Exercise instructions: Task for the records below: copy exactly, and only, the line containing "Механизм цилиндровый Z.I.90В-5K" and every line after it to the end, with pictures left out.

Data shown:
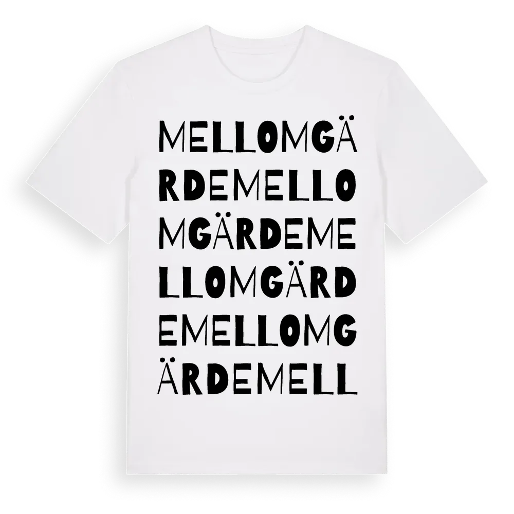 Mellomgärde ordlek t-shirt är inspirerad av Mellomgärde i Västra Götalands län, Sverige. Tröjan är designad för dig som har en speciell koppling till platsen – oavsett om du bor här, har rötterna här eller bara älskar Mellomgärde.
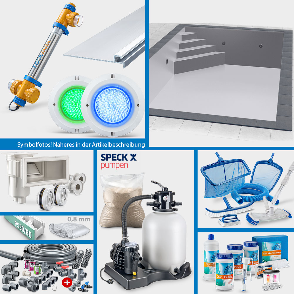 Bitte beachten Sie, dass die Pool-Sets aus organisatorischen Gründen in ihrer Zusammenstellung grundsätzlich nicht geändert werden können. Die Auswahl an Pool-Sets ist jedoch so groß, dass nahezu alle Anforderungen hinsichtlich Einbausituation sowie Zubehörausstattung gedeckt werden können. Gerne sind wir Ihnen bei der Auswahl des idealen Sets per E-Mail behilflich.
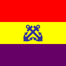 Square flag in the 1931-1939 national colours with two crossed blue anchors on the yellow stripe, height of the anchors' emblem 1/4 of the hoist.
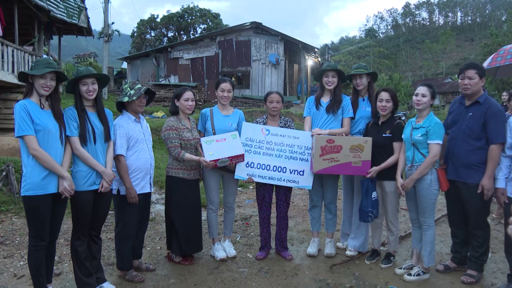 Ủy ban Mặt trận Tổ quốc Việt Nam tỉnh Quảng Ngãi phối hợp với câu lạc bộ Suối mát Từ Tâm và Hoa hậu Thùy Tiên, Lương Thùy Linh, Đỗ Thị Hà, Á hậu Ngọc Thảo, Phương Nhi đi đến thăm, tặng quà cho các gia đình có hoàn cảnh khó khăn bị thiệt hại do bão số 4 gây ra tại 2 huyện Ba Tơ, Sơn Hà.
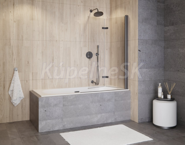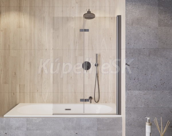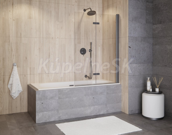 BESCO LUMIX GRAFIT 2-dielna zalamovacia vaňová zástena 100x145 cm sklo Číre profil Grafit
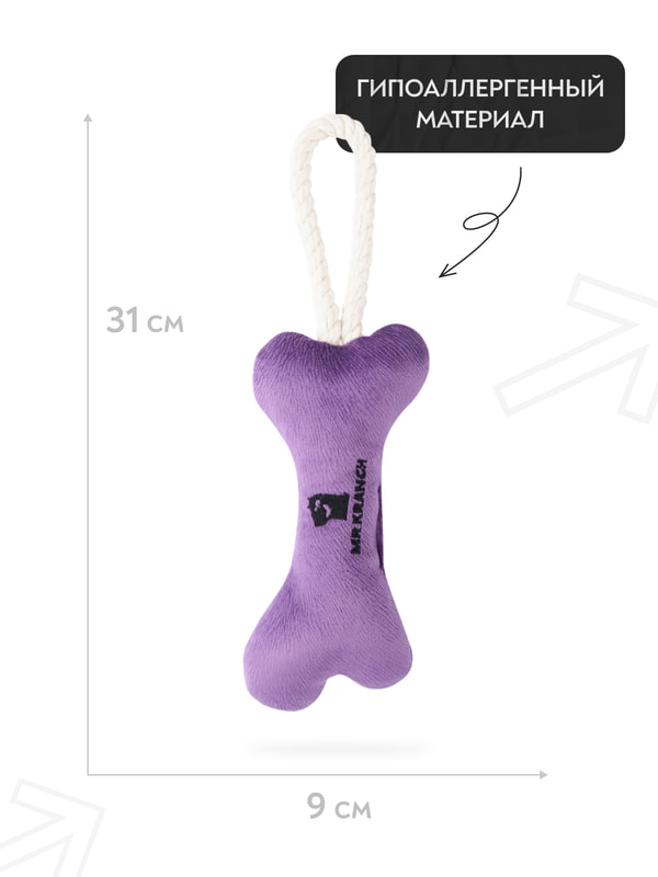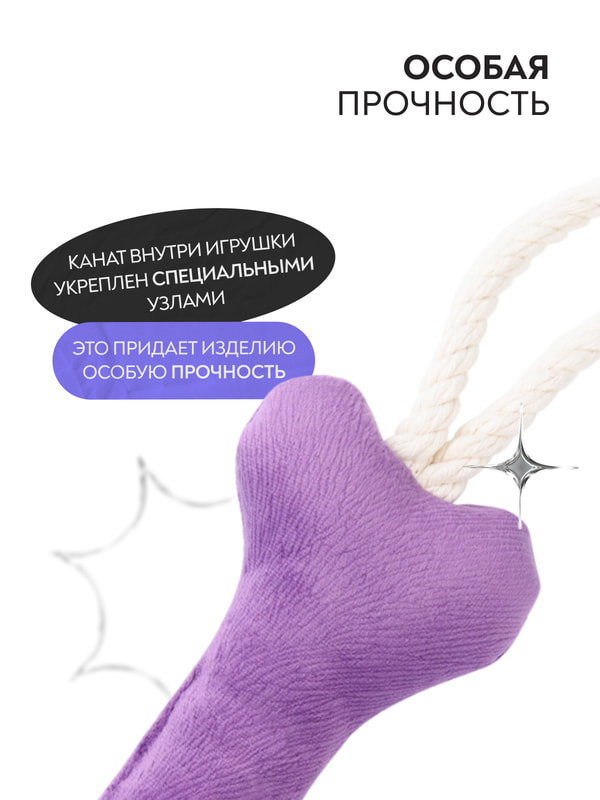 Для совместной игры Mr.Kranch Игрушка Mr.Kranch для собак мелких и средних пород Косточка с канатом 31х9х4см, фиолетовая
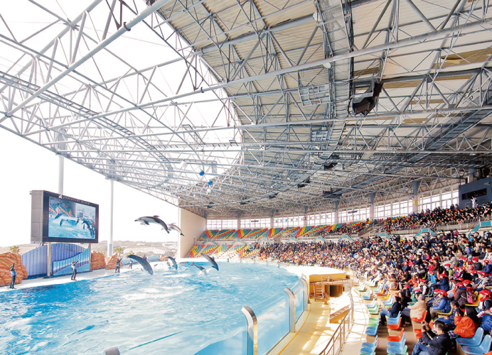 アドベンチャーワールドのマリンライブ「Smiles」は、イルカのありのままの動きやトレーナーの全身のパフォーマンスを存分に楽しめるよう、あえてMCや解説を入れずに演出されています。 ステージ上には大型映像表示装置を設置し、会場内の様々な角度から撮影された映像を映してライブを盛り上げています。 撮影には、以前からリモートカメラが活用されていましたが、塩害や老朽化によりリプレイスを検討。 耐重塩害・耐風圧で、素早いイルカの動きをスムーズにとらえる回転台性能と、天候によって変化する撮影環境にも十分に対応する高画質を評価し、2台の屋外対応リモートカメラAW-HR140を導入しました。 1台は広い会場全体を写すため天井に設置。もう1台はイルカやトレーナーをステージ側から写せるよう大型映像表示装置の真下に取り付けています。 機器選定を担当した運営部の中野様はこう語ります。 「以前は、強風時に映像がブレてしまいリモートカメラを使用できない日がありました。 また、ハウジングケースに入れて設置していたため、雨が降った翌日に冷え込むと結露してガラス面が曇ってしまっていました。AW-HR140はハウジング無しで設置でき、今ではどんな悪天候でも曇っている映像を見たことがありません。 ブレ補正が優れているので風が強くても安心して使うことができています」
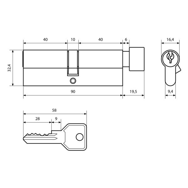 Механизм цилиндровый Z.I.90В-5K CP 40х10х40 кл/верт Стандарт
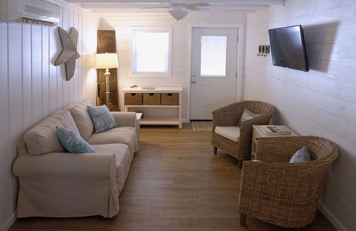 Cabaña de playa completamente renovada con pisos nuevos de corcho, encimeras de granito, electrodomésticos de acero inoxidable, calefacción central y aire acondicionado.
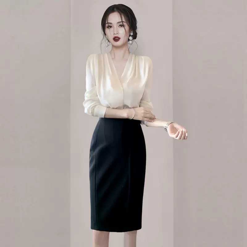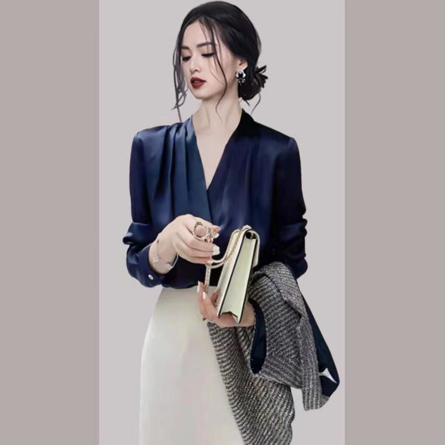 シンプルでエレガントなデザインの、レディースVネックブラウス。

Task response:
 Механизм цилиндровый Z.I.90В-5K CP 40х10х40 кл/верт Стандарт
 Cabaña de playa completamente renovada con pisos nuevos de corcho, encimeras de granito, electrodomésticos de acero inoxidable, calefacción central y aire acondicionado.
 シンプルでエレガントなデザインの、レディースVネックブラウス。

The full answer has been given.